A escolha do tema da escravatura, com menção direta aos milhares de africanos traficados por Lagos, rompeu com o silêncio institucional que ainda perdura em torno da dimensão violenta dos Descobrimentos. O passado glorificado foi confrontado com o seu custo humano. E, nesse gesto, o discurso tornou-se simultaneamente incómodo e necessário.
A receção mediática revelou o seu impacto: enquanto uns aplaudiram a coragem e a densidade moral da intervenção, outros acusaram-na de “politizar” o feriado nacional. É uma crítica reveladora. Quando falar de escravatura, racismo ou do exercício irresponsável do poder é visto como intrusivo, isso diz mais sobre o desconforto da sociedade com a sua própria imagem do que sobre o discurso em si.
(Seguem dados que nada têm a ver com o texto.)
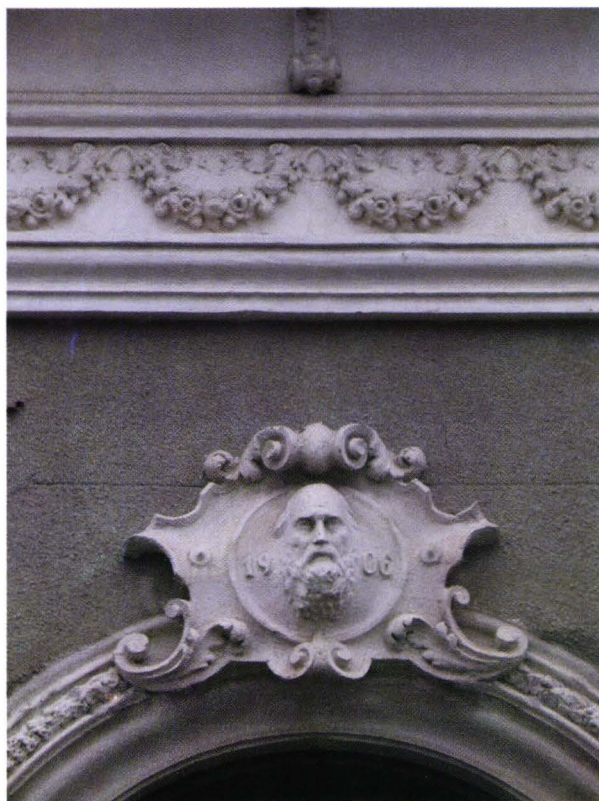
II. 2. Efigia regelui Carol I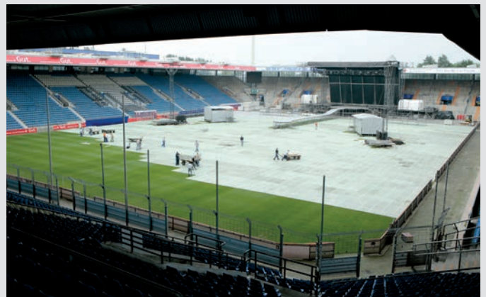
Abdeckung Stadionrasen, Herbert Grönemeyer Konzert, Ruhrstadion Bochum

No campo político, o Presidente da República respondeu, num gesto de rara sintonia, com uma mensagem que ecoou a da escritora, destacando também a ausência de “sangue puro” e a necessidade de inclusão. Mas já nos partidos, as reações oscilaram entre o elogio contido e o silêncio estratégico. Talvez porque, em tempos de populismo e simplificação, discursos com densidade reflexiva são comunicacionalmente vistos como difíceis de capitalizar.
Lídia Jorge fez o que se espera de uma voz intelectual: não confortar, mas desafiar. Num país onde a comunicação política tende ao soundbite e à vacuidade, o seu discurso foi um ato contra o ruído, uma defesa da palavra com sentido, da história com memória.